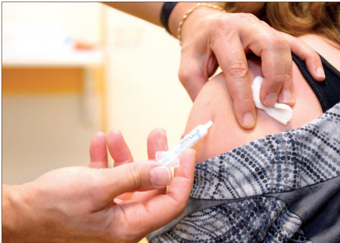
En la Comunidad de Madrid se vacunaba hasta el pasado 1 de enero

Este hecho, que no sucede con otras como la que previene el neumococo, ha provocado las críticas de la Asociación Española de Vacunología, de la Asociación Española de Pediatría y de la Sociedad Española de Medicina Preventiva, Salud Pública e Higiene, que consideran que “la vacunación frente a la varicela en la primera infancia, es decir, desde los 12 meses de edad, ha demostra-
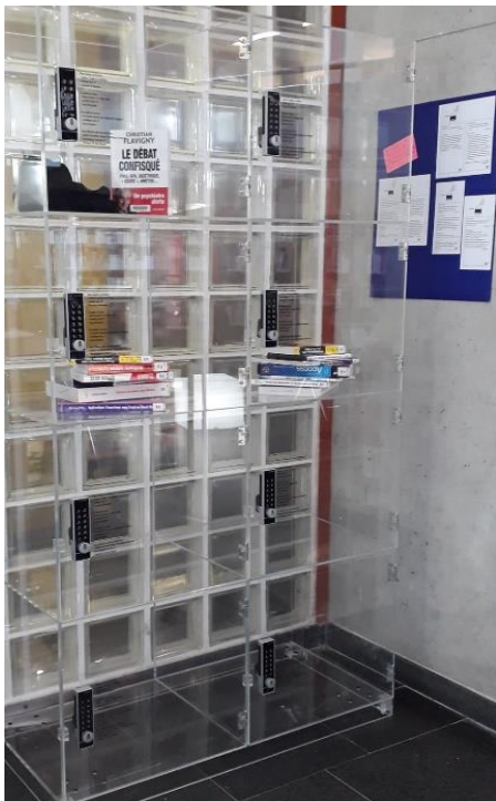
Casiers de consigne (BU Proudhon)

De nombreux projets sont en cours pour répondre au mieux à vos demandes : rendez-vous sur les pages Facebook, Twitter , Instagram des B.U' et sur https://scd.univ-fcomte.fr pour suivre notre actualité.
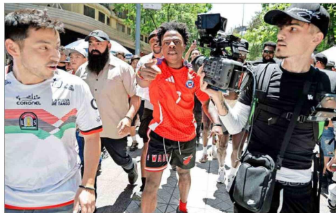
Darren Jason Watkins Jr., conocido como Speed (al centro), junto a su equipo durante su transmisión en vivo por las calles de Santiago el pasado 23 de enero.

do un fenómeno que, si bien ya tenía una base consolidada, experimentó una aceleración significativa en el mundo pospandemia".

----

> What to do
Reproduce nothing but the lines that run from the line containing "Casiers de consigne (BU Proudhon)" through the last line of the records, inclusive. Omit the pictures.

> Solution for this task
Casiers de consigne (BU Proudhon)

De nombreux projets sont en cours pour répondre au mieux à vos demandes : rendez-vous sur les pages Facebook, Twitter , Instagram des B.U' et sur https://scd.univ-fcomte.fr pour suivre notre actualité.
Darren Jason Watkins Jr., conocido como Speed (al centro), junto a su equipo durante su transmisión en vivo por las calles de Santiago el pasado 23 de enero.

do un fenómeno que, si bien ya tenía una base consolidada, experimentó una aceleración significativa en el mundo pospandemia".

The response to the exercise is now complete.